20 menit berlalu, Sakura mulai tenang. Isak tangis tidak terdengar lagi. Saatnya Shikamaru menjelaskan dari awal.

"Awalnya kami menyerahkan kasus ini pada tim lain. Tapi entah dari mana dia tahu, Sasuke menawarkan diri untuk mengatasinya. Tempat yang terakhir Kurama rasakan anehnya berada pada pintu portal Toneri. Misi ketika Hanabi Hyuuga menghilang dan bulan yang jatuh ke bumi."

"Apa? Apa itu artinya-" Sakura menggenggam kedua tangannya yang diperban. Apakah masih ada harapan? Naruto yang melihat itu menepuk pundaknya sekilas. Lalu mengangguk kecil, "Ya. Kemungkinan besar Sarada ada disana."

"Sayang sekali portal yang seharusnya membawa Sasuke ke bulan seperti dulu, tidak bisa digunakan. Entah kenapa Portal itu kacau dan berbah menjadi putih." Naruto melanjutkan.

"Putih?

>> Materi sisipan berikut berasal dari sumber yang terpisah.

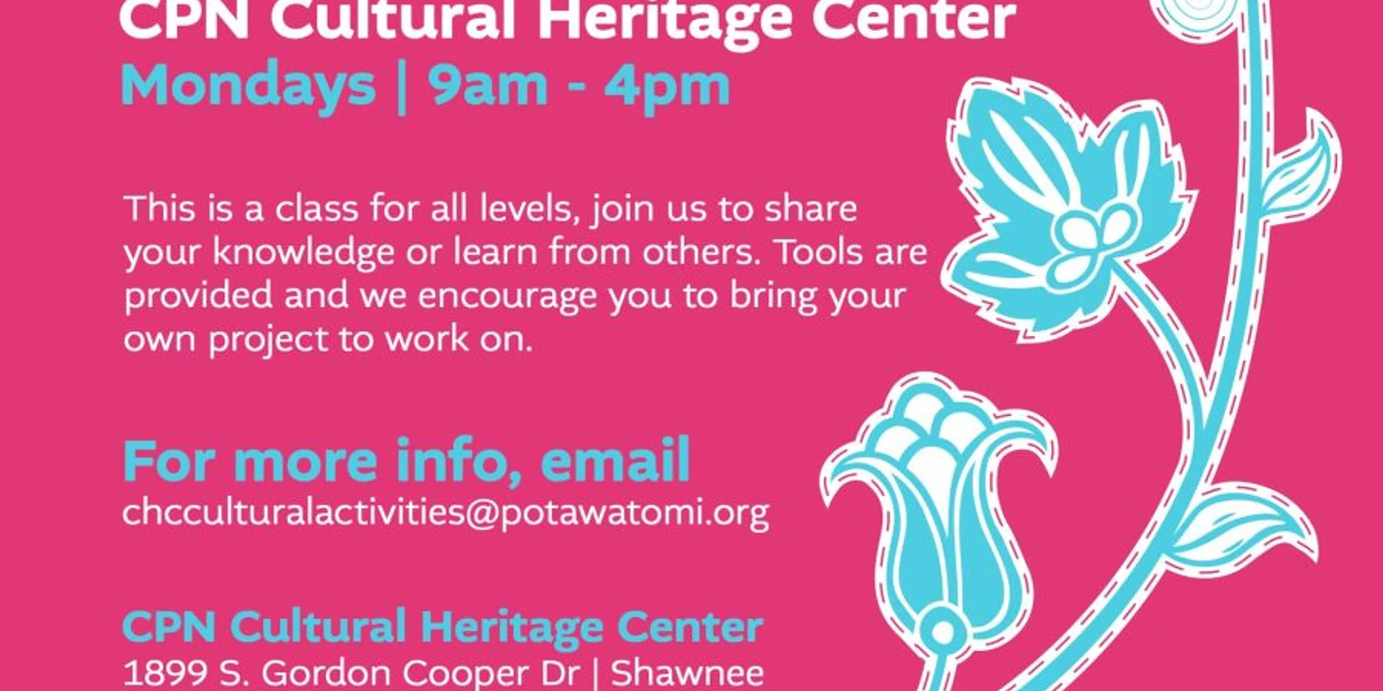 This is a class for all levels, join us to share your knowledge or learn from others. Tools are provided and we encourage you to bring your own project to work on. This month, there will be a two-hour skill session at the beginning of each class as follows: March 2: Colors – Patterns – Options March 9: Materials – Tools – Applying Applique March 16: Finishing Touches – Accents March 23: Practice – Applique Skill March 30: Practice – Applique Skill For more info, email chcculturalactivities@potawatomi.org

Bukannya waktu itu berwarna biru?" Wanita beramput pink itu bertanya harap-harap cemas.

"Portal itu hidup karena cakra Toneri sendiri. Jika, portal itu tidak berfungsi kemungkinan besar Toneri menarik seluruh cakranya ke satu titik pusat. Entah untuk apa dan apa tujuannya." Shikamaru mengambil kertas dan bulpoin untuk menggambar sesuatu. Garis mulai membentuk bidang. Perlahan tapi pasti bidang itu memberi konsep jelas tentang aliran cakra toneri.

"Jika digambarkan Toneri menyalurkan cakra dari tubuhnya ke setiap portal yang ada. Cakra itu membantu agar jalur yang dilewati tetap terbuka dan lurus. Namun, cakranya tidak stabil dengan alasan tertentu." Shikamaru menarik garis lurus dari bumi ke bulan melalui 3 lingkaran yang dianggap portal.

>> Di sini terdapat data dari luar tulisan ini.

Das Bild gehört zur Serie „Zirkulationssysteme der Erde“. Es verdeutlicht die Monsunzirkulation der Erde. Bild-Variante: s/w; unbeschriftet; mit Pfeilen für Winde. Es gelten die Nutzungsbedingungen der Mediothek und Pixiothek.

Naruto mengagguk lalu ikut menjelaskan, "Portal itu melemah dan jalur yang seharusnya lurus menjadi teracak karena kehilangan signal Toneri. Anggap saja ada 3 portal yang seharusnya dilewati untuk bisa ke bulan. Tapi karena lemahnya cakra jalur lurus itu bisa berbelok ke dimensi lain."

Tidak hanya itu, dalam satu tempat bisa jadi ada 2 atau lebih portal yang terbuka. Belum lagi pintu yang hanya terbuka selama 30 menit. Selebihnya portal akan tertutup dan mati."

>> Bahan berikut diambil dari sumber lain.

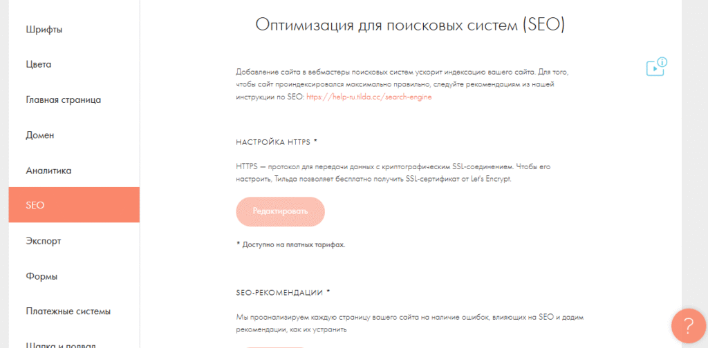 Тильда предоставляет блоки, улучшающие SEO без программирования.

Sakura melihat gambar itu dengan seksama. Dia mencoba mencari kunci dibalik kasus tersebut, "Itu berarti tantangan sekaligus hambatannya adalah mencari jalur yang tepat dengan waktu yang sedikit. Karena itu kalian membutuhkan Sasuke?"

Keduanya mengangguk, "rinngannya bisa membantu. Selain itu, deteksi cakranya termasuk yang terkuat setelah Naruto." Shikamaru menambahkan. "Mungkin dia berpindah dimensi untuk menemukan putrimu atau yang terbaik sudah ada di sana, dattebayo. Di bulan." Mau tak mau Naruto ikut berharap.

Sakura menunduk. Sebesar apapun keinginannya untuk menghentikan Sasuke. Ia tidak akan mampu. Karena ini memang keinginannya dan juga demi putri mereka. Jika Sakura yang pergi, dia juga tidak akan berhenti mencari. Bahkan mengorbankan nyawa sekalipun. Sasuke...

"Baiklah. Kali ini kumaafkan. Tapi aku mohon jika ada kabar atau aapun yang berhubungan dengan hilangnya putriku atau Sasuke, tolong beritahukan kepadaku. Berjanjilah, naruto" Sorot matanya serius dan benari. Naruto bisa melihat tekad yang kuat di dalam sana, "Aku berjanji, dattebayo."